Sue needed to learn to delegate. She realized that she expected a lot from herself and her employees, but little from her husband and kids. She was frazzled with constant demands and interruptions. “How do you want things to be?” She began delegating chores at home and recommitted some of her time to her own self-care.
She also began finding ways to delegate at work more. She had difficulty seeing herself as a leader. She thought of herself more as a team player who always pitched in to help. When she began to view herself more through the lens of leadership, she began delegating to her assistant more. She used her assistant to screen more calls, reduce her schedule and handle more tasks independently.
Asking for help wasn’t easy. I acknowledged Sue for her willingness to step into uncertain territory and her courage to try things that were difficult. We set up the structure of a “confidence file” in which she made a note in her planner when she did something well or met a goal. It was a way to acknowledge her own successes rather than gloss over them.

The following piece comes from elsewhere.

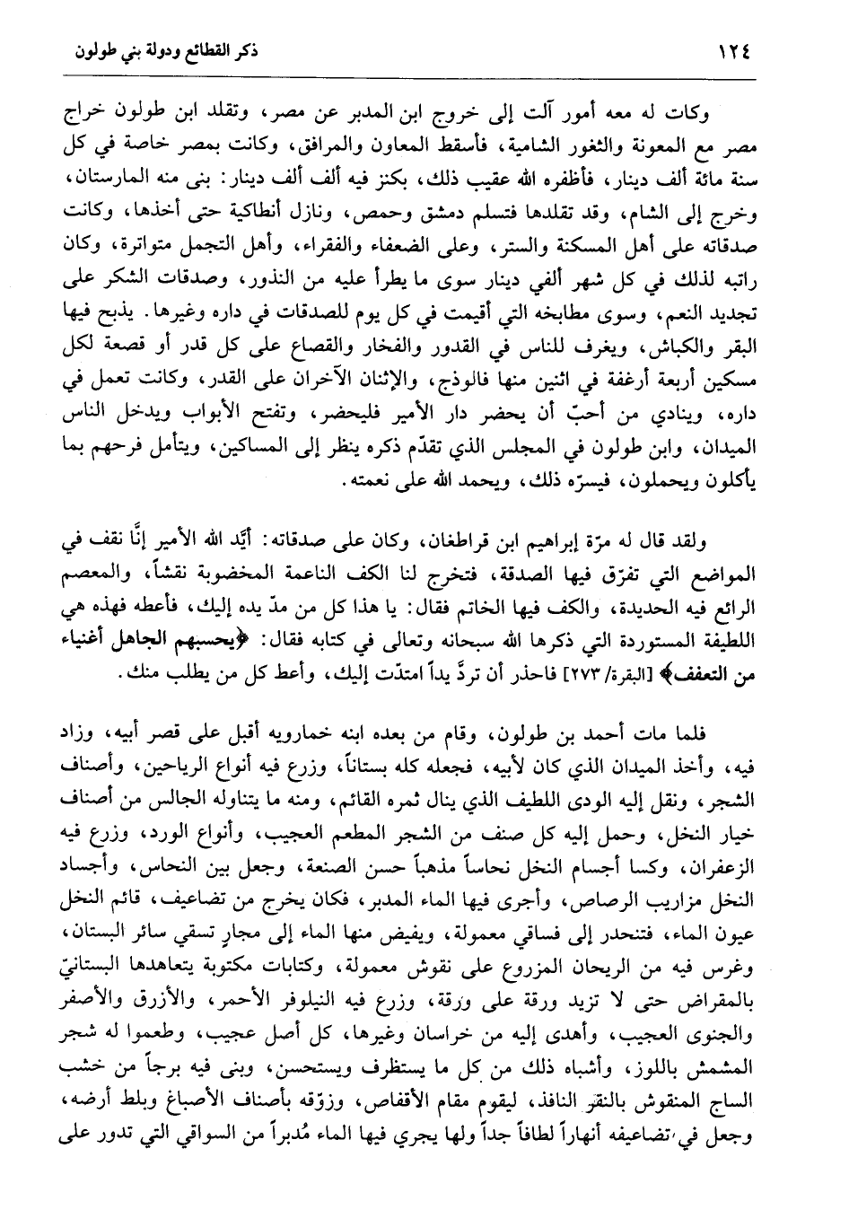 وكات له معه أمور آلت إلى خروج ابن المدبر عن مصر، وتقلد ابن طولون خراج مصر مع المعونة والثغور الشامية، فأسقط المعاون والمرافق، وكانت بمصر خاصة في كل سنة مائة ألف دينار، فأظفره الله عقيب ذلك، بكنز فيه ألف ألف دينار: بنى منه المارستان، وخرج إلى الشام، وقد تقلدها فتسلم دمشق وحمص، ونازل أنطاكية حتى أخذها، وكانت صدقاته على أهل المسكنة والستر، وعلى الضعفاء والفقراء، وأهل التجمل متواترة، وكان راتبه لذلك في كل شهر ألفي دينار سوى ما يطرأ عليه من النذور، وصدقات الشكر على تجديد النعم، وسوى مطابخه التي أقيمت في كل يوم للصدقات في داره وغيرها. يذبح فيها البقر والكباش، ويغرف للناس في القدور والفخار والقصاع على كل قدر أو قصعة لكل مسكين أربعة أرغفة في اثنين منها فالوذج، والاثنان الآخران على القدر، وكانت تعمل في داره، وينادي من أحبّ أن يحضر دار الأمير فليحضر، وتفتح الأبواب ويدخل الناس الميدان، وابن طولون في المجلس الذي تقدّم ذكره ينظر إلى المساكين، ويتأمل فرحهم بما يأكلون ويحملون، فيسرّه ذلك، ويحمد الله على نعمته.

Sue learned to honor her commitments to herself and to hold herself accountable, something she never thought she was “strong enough” to do before. She learned to consider different perspectives and and be a more flexible thinker. She learned that a little planning goes a long way, and how important planning is to her daily schedule to help avoid overload. Best of all, she identified her strengths and learned to honor her strengths and values in more areas of her life.